This repository contains the code for the paper "View-Invariant Policy Learning via Zero-Shot Novel View Synthesis". For more information, please see our project page.
First, create a directory to act as a workspace. I would also recommend creating a virtual environment at this point (e.g. via conda or mamba). This code is tested with Python 3.8.
Then, clone the ZeroNVS repo (https://github.com/s-tian/ZeroNVS) into your workspace, and follow the setup instructions in that repository's README, including pulling the zeronvs_diffusion submodule.
In the ZeroNVS
directory, install the threestudio module:
cd threestudio
pip install -e .
cd ..
Clone this repo (https://github.com/s-tian/vista) into your workspace. Install the robomimic
, robosuite
, and vipl
package as locally editable (note: robosuite and robomimic are also available on pip, but you need to install the local versions, as I've made edits to them):
cd robosuite
pip install -e .
cd ..
cd robomimic
pip install -e .
cd ..
cd vipl
pip install -e .
Next, install mimicgen_environments
and robosuite_task_zoo
, by navigating to your workspace directory and then doing:
git clone https://github.com/NVlabs/mimicgen_environments
cd mimicgen_environments
git checkout 45db4b35a5a79e82ca8a70ce1321f855498ca82c
pip install -e .
cd ..
git clone https://github.com/ARISE-Initiative/robosuite-task-zoo
cd robosuite_task_zoo
git checkout 74eab7f88214c21ca1ae8617c2b2f8d19718a9ed
pip install -e .
Lastly, downgrade mujoco as instructed in the mimicgen_environments
README.
pip install mujoco==2.3.2
I've dumped the output of pip list
and mamba list
for working environment to this repo at pip_list.txt
and mamba_list.txt
for cross-reference.
Note that this environment is not used for the reprojection baseline due to conflicts with Pytorch3D. To create that environment, follow the same steps but do not install ZeroNVS, instead install pytorch3d==0.7.4
.
Pretrained ZeroNVS models are available on HuggingFace here: https://huggingface.co/s-tian/VISTA_Data/tree/main/models.
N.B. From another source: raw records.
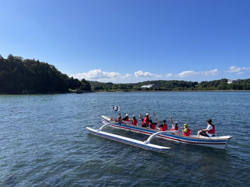 説明を聞き,まずはカヌーを運ぶところからスタート。全員で協力して3隻海に出すことができました。また,海に出てからは,グループごとにかけ声に合わせて一斉に漕ぎ,湾内を一周することができました。
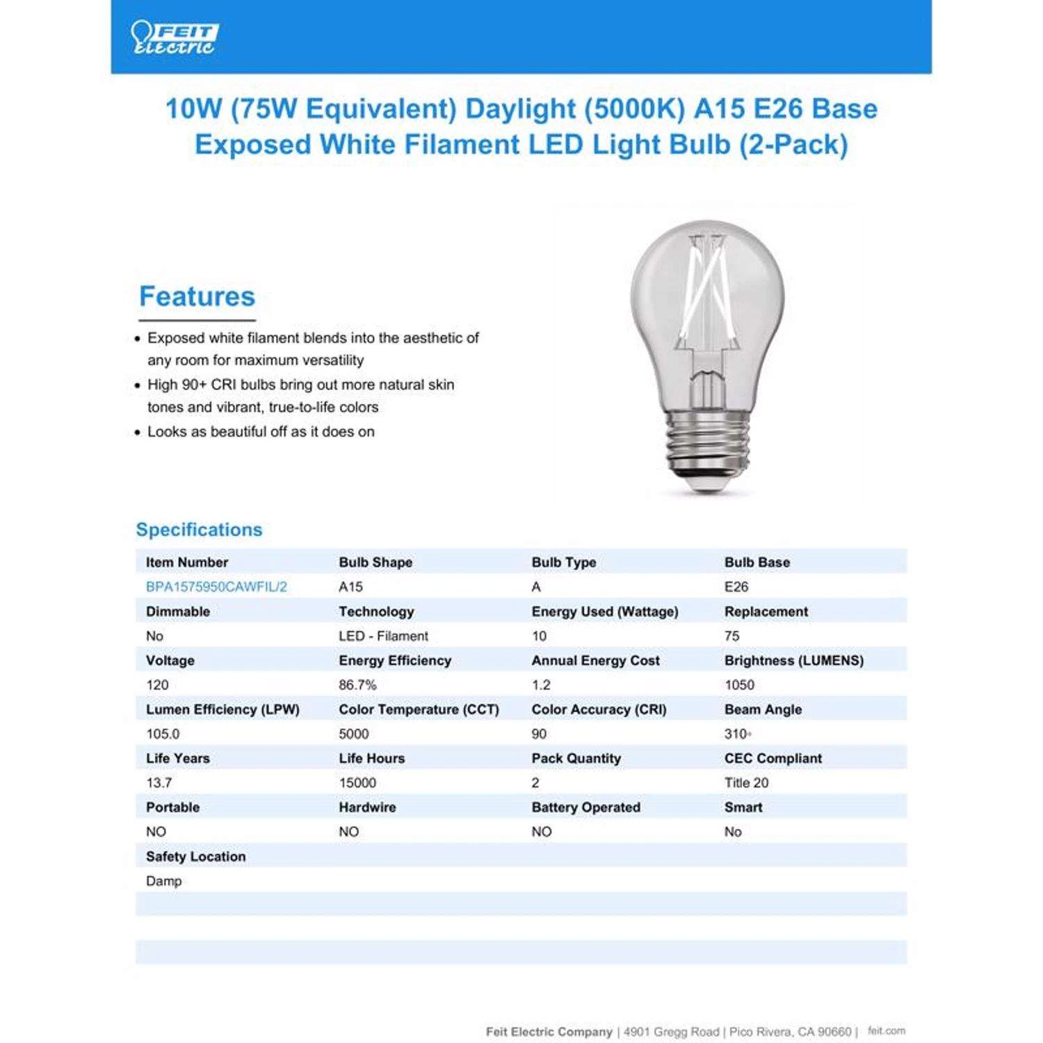 Be the first to review “Feit White Filament A15 E26 (Medium) Filament LED Bulb Daylight 75 Watt Equivalence 2 Pk” Cancel reply
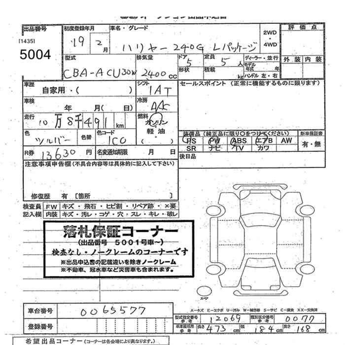 TOYOTA HARRIER 240G L PACKAGE - лот 5004

To use them, download the models and config file, and then set the constants in vipl/vipl/utils/constants.py
to point to the downloaded models and config on your local machine.
The general workflow of running simulated experiments is:
- Download source datasets for the task you want to run.
- Convert the source dataset to a dataset containing potentially augmented observations.
- Train a model on the potentially augmented dataset, and evaluate the model on held-out views of the target task.
The source datasets for this project are directly obtained from robomimic and mimicgen_environments. The source datasets are converted to augmented datasets using the models, e.g. zeronvs, offline. Each source dataset was originally obtained from the download scripts in robomimic or mimicgen_environments.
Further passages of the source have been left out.